EIA also reported that there were an estimated 380,000 marginal oil wells operating at the end of 2015, and that they accounted for 10% of U.S. oil production that year, down from a high of 19% in 2008. The agency attributed the decline to “the large increase of production volume from very prolific wells drilled in shale and tight oil formations with enhanced completion techniques.”
Interior estimated that about 18.4 million bbl of crude oil and 22.7 Bcf of natural gas production would have been shut in over a 10-year period had the 2016 rule not been rescinded and revised. But the department also estimated that 299 Bcf of natural gas production would have been produced or sold, rather than vented or flared, under the 2016 rule.
The department determined that annual compliance costs associated with the 2016 rule would have cost operators 24% of annual revenues from even the highest-producing marginal oil wells, and 86% of annual revenues from the highest-producing marginal gas wells.
Longanecker said TIPRO was “working on a similar path” over how proposed changes to the Environmental Protection Agency’s (EPA) New Source Performance Standards (NSPS) would impact marginal wells. EPA has said the changes would reduce duplicative regulation with states and save the industry about $484 million in regulatory costs over seven years.

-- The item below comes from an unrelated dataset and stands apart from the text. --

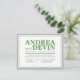 Vigselreception ENDAST inbjudningar med en grön och grå typografisk design. (Med hur exakt denna design är anpassad, rekommenderas att du klickar på den orange "Anpassa den!" knappen för att flytta och ändra textstorlek vid behov.) Dessa inbjudningar används när paret har ett destinationbröllop eller en liten privat ceremoni och bara inbjuder sina gäster till efterfesten efter bröllopet.

“We’ve had a consistent call for the exclusion of low production well sites under those regulations, given the significant difference in production and reservoir pressure, compared to higher volume wells,” Longanecker said. “We’ve consistently said that low production wells should have never been subjected to the same requirements under the NSPS.”
Longanecker added that Interior “has little or no authority to regulate air quality.” That’s the domain of the EPA and the Texas Commission on Environment Quality, he said. Meanwhile, the Texas Railroad Commission (RRC) has jurisdiction over venting and flaring.
“RRC typically approves requests for up to 180 days of flaring natural gas, which is expected to be a sufficient amount of time for operators to address transportation needs,” Longanecker said. “Beyond that, without an exemption, gas must be piped away or the well shut in. This issue is of particular importance in West Texas with some of the takeaway capacity issues they are facing.”
In a 12-page report last month, analysts with ClearView Energy Partners LLC said BLM argued that a “large proportion” of marginal wells on federal lands were “unduly affected by the [2016 rule’s] prescriptive requirements.” There was also significant regulatory overlap from EPA, states and tribal governments.
“Although the agency acknowledges the existence of exemptions in the [2016 rule], BLM argues that the standards that justified exemptions were unduly strict — the test was whether compliance obligations would result in a shut-in of the well in question — and therefore inadequate,” ClearView said. “The BLM further states that even approving for exemptions could undermine the economics of marginal wells.”
BLM estimated that marginal wells contributed $2.9 billion in economic activity in 2015.